Sure, my answers are below.

- the doc/ directory contains the full Hugo source directory, with
> config.toml, content/, layouts, etc., as well as the theme, which looks
> like it's statically installed
>

Correct.


> - looks like maybe the hugo html ends up in public, but then it gets moved
> somehow (can't quite figure out how)
>

Travis CI deals with that. You can look at the use-package Travis setup
here[1]. The revelant portion for the site deployment is:

=====
before_deploy: cd doc && make doc
deploy:
  provider: pages
  skip_cleanup: true
  github_token: $GITHUB_TOKEN
  local_dir: public
  on:
    branch: master
    condition: $EMACS_VERSION = 26
=====

(I use emacs 26 specifically to build the site as it comes with Org 9.1.4..
so then I don't need to install Org on the Travis CI machine.)


> - the ox-hugo files are kept somewhere I guess
>

No. The latest ox-hugo version available on Melpa is used. That is done via
the same Makefile.. it loads a setup file I have: setup-ox-hugo.el[2].


> - presumably any personal config has to be replicated somewhere on the web
> where travis can access it
>

The same setup-ox-hugo.el has some minimal "sane settings" (Look at the
"(with-eval-after-load 'org" in there for example).
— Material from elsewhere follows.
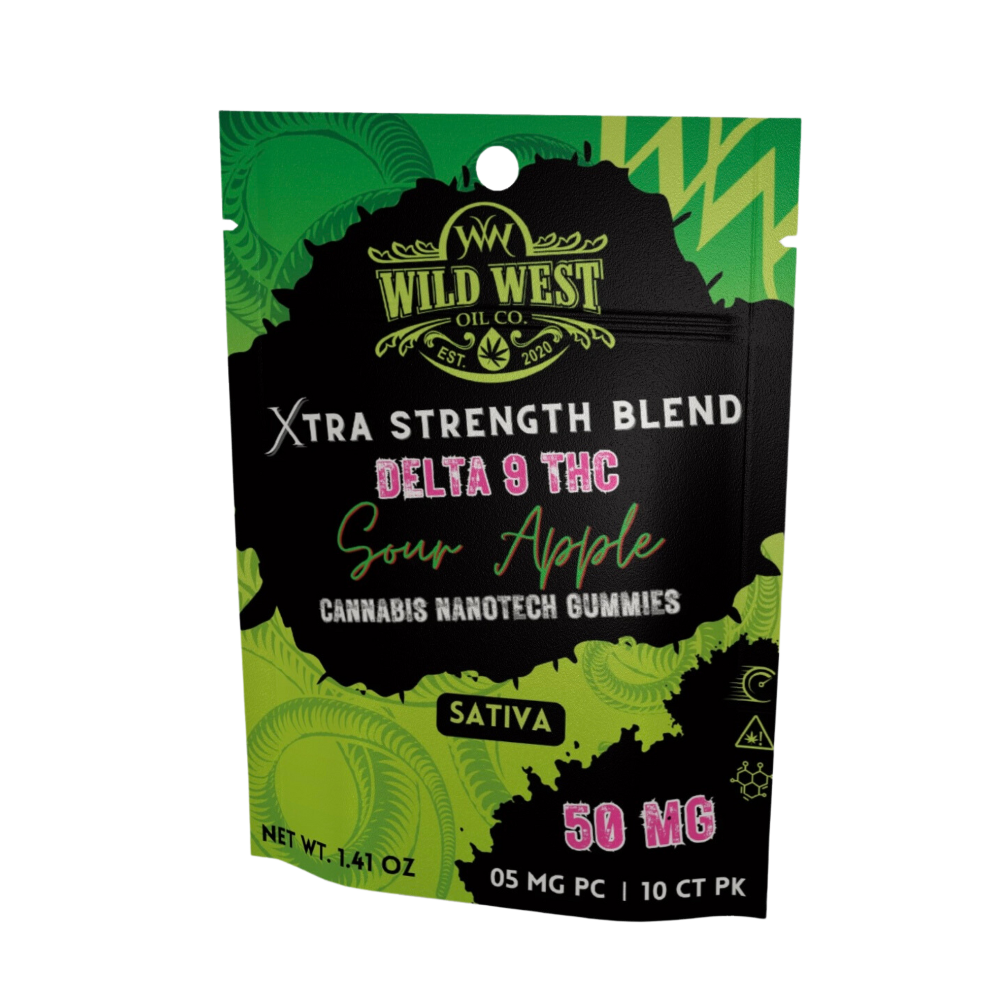 Our Xtra Strength Delta 9 Cannabis Blend is a handcrafted fast acting gummy line that is infused with the finest Wild West THC distillate oil. Wild West is mastering the art of the entourage effect and curating multi-cannabinoid blends for the optimal experience to satisfy our loyal customers. We use a highly advanced Nano- Technology that creates a faster onset and stronger effects within 30 minutes. Enjoy the best tasting medicated gummies in the Midwest! 50mg pack, 10pc, 5mg each pc.

You can also add your
personal setup to that as needed.


> - is there any more setup that needs to be done on Travis?
>

1. The .travis.yml file mentioned above.
2. Get your GITHUB_TOKEN (minimum permission level: public_repo) to assign
to Travis[3].
3. Set the GITHUB_TOKEN and HUGO_BASE_URL env variables in the Travis
settings for your repo on https://travis-ci.org/USER/REPO/settings.

- I have 4 main org files; 3 of them get copied per-header, and one as a
> whole file.  Is that an issue?
>

No. The latest ox-hugo version now has org-hugo-export-wim-to-md. "wim"
stands for What I Mean. See https://ox-hugo.scripter.co/#export-bindings or
the comment header in ox-hugo.el for details.
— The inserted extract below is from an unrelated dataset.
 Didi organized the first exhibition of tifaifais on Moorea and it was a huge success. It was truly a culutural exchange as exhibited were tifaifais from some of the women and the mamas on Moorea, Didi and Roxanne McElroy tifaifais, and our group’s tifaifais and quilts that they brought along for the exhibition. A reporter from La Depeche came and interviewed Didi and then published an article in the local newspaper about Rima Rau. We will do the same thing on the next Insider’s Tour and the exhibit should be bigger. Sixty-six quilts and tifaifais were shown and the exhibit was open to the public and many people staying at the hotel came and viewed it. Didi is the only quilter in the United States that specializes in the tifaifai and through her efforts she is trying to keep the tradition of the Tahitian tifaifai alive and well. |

In setup-ox-hugo.el, I define this simple wrapper function:

(defun org-hugo-export-all-wim-to-md ()
  (org-hugo-export-wim-to-md :all-subtrees nil nil :noerror))
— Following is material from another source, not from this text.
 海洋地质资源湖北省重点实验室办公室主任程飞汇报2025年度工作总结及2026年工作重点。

In the Makefile, that function is used in the "md1" rule.
And that rule is called in loop by the "md" rule:

md: $(org_files)
$(org_files):
    @$(MAKE) md1 ORG_FILE=$@ TIMEZONE=UTC # Use UTC/Universal time zone for
tests

So you only need to tweak the "org_files" rule which is a simple find
command to collect an array of all the Org files you want to export
(doesn't matter if they are file-based or subtree-based).

If there's any subtree that you don't want to export or any file that you
don't want to export in this process, tag the subtree with "foo" tag
(example) and the file with #+FILETAGS keyword set to "foo", and add the
same "foo" tag to org-export-exclude-tags in the setup-ox-hugo.el. More
info:
https://ox-hugo.scripter.co/doc/tags-and-categories/#marking-files-to-not-be-exported

This all looks really ocol; too bad it's a bit out of my range, I'd like to
> understand it a little better!
>

I hope above helps!

To me the shell script idea feels easier, but I guess it's also a little
> brittle
>
>
>> PS: I publish the ox-hugo package website[3] the same way too, but using
>> Netlify (/which is the better than GitHub Pages or Gitlab CI IMO -- free
>> too/). See the footer of that site for the 1-file Org source.
>>
>
> Sticking with Github for now since all my course stuff is there, probably
> easiest for my studnets ot have everything in the same place.
>

Netlify can be thought of just a CI machine. Your site can live in
Github/Gitlab/etc. repos, but Netlify will link to those. So the site
source will stay exactly where it is.. just that now Netlify will be
receptive to the git commit actions on your repo and auto-deploy the site
with each commit. For example: The ox-hugo doc site source is on GitHub,
but it is published using Netlify (https://ox-hugo.scripter.co).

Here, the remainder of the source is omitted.